__Data shown__.

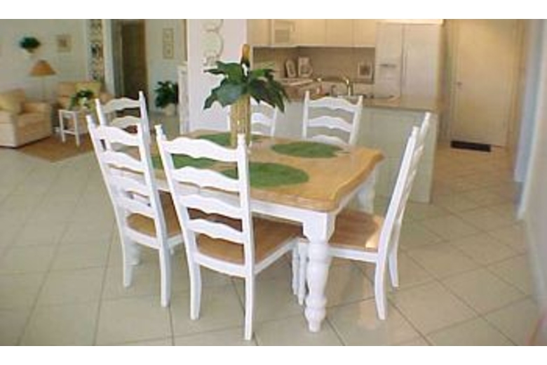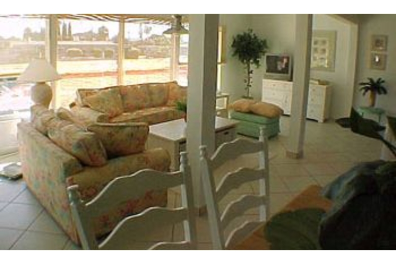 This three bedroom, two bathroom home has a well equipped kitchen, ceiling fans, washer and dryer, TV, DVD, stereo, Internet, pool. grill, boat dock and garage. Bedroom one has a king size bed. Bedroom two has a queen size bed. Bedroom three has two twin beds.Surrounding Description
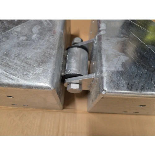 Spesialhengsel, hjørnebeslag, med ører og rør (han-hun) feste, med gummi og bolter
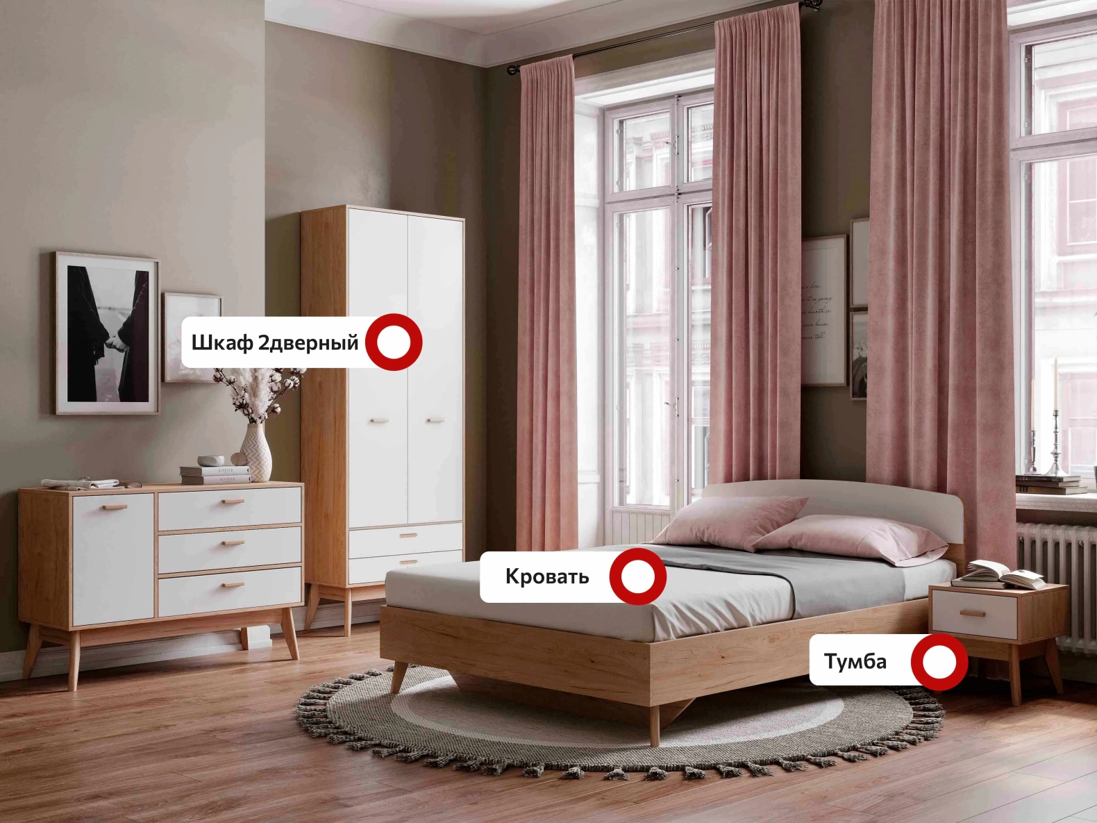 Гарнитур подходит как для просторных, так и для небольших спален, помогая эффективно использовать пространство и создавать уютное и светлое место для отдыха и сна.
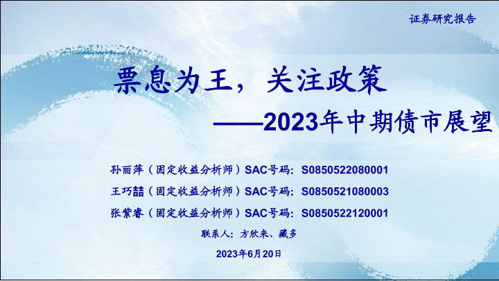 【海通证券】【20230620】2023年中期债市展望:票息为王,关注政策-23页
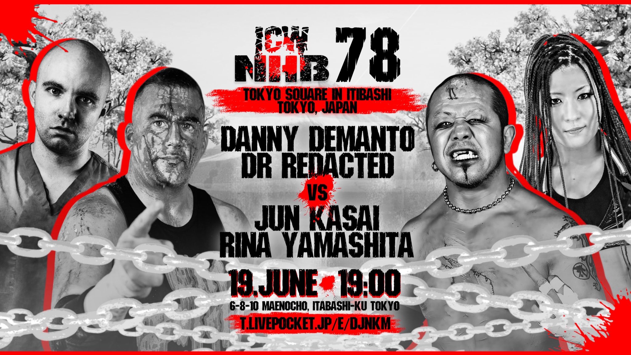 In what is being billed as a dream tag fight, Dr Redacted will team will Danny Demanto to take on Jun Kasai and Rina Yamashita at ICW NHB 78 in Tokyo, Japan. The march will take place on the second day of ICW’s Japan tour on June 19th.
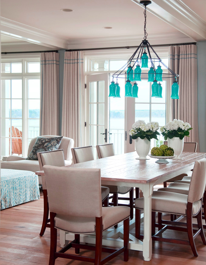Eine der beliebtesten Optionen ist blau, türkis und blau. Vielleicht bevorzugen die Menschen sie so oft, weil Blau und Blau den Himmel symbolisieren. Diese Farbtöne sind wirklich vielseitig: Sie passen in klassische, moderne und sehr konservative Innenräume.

---

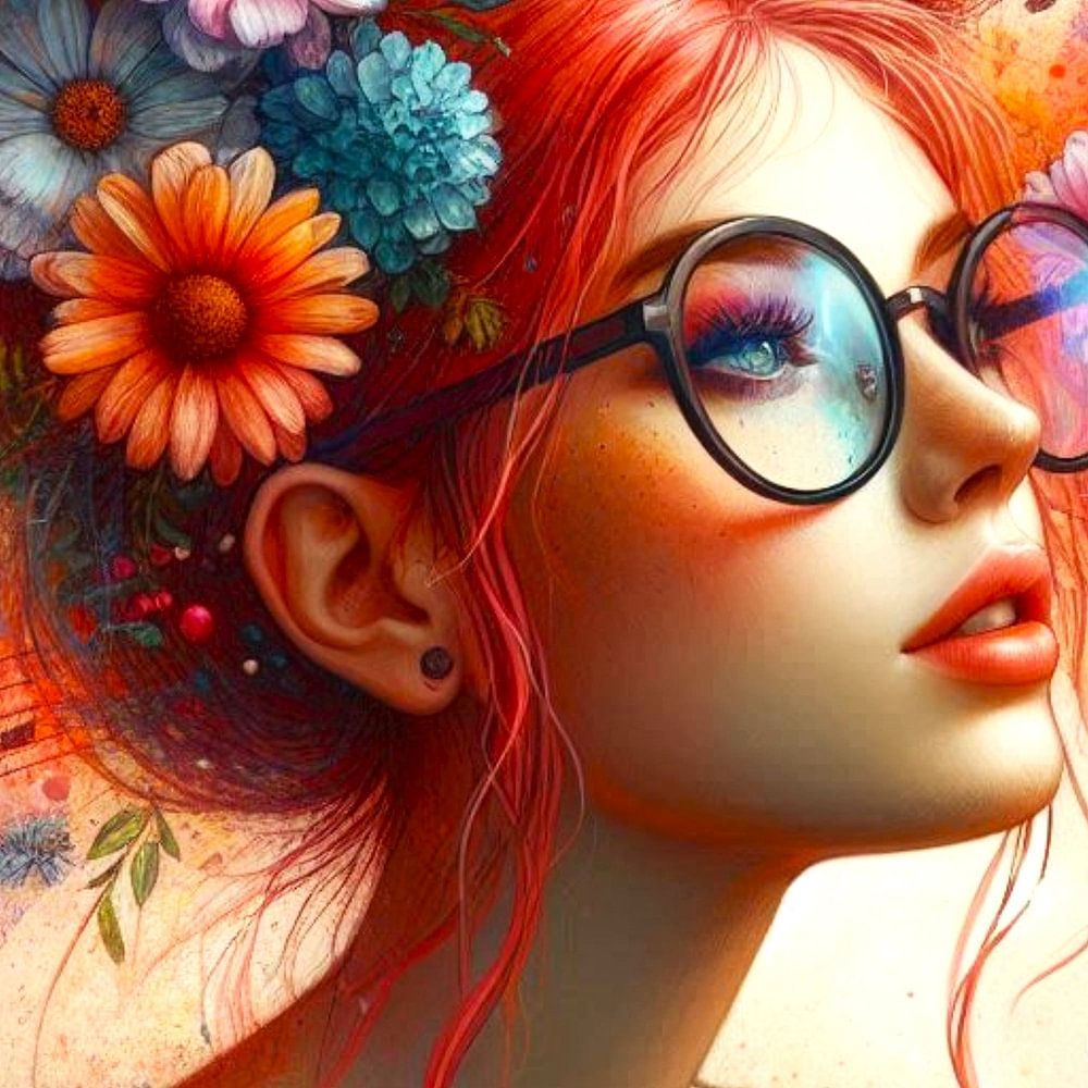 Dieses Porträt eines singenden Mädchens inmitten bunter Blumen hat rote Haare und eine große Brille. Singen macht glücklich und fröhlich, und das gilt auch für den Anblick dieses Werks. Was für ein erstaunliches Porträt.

__About this exercise__. Copy back exactly the lines above from the one containing "This three bedroom, two" through the one containing "Eine der beliebtesten", and leave every picture behind.

__Task result__.
 This three bedroom, two bathroom home has a well equipped kitchen, ceiling fans, washer and dryer, TV, DVD, stereo, Internet, pool. grill, boat dock and garage. Bedroom one has a king size bed. Bedroom two has a queen size bed. Bedroom three has two twin beds.Surrounding Description
 Spesialhengsel, hjørnebeslag, med ører og rør (han-hun) feste, med gummi og bolter
 Гарнитур подходит как для просторных, так и для небольших спален, помогая эффективно использовать пространство и создавать уютное и светлое место для отдыха и сна.
 【海通证券】【20230620】2023年中期债市展望:票息为王,关注政策-23页
 In what is being billed as a dream tag fight, Dr Redacted will team will Danny Demanto to take on Jun Kasai and Rina Yamashita at ICW NHB 78 in Tokyo, Japan. The march will take place on the second day of ICW’s Japan tour on June 19th.
Eine der beliebtesten Optionen ist blau, türkis und blau. Vielleicht bevorzugen die Menschen sie so oft, weil Blau und Blau den Himmel symbolisieren. Diese Farbtöne sind wirklich vielseitig: Sie passen in klassische, moderne und sehr konservative Innenräume.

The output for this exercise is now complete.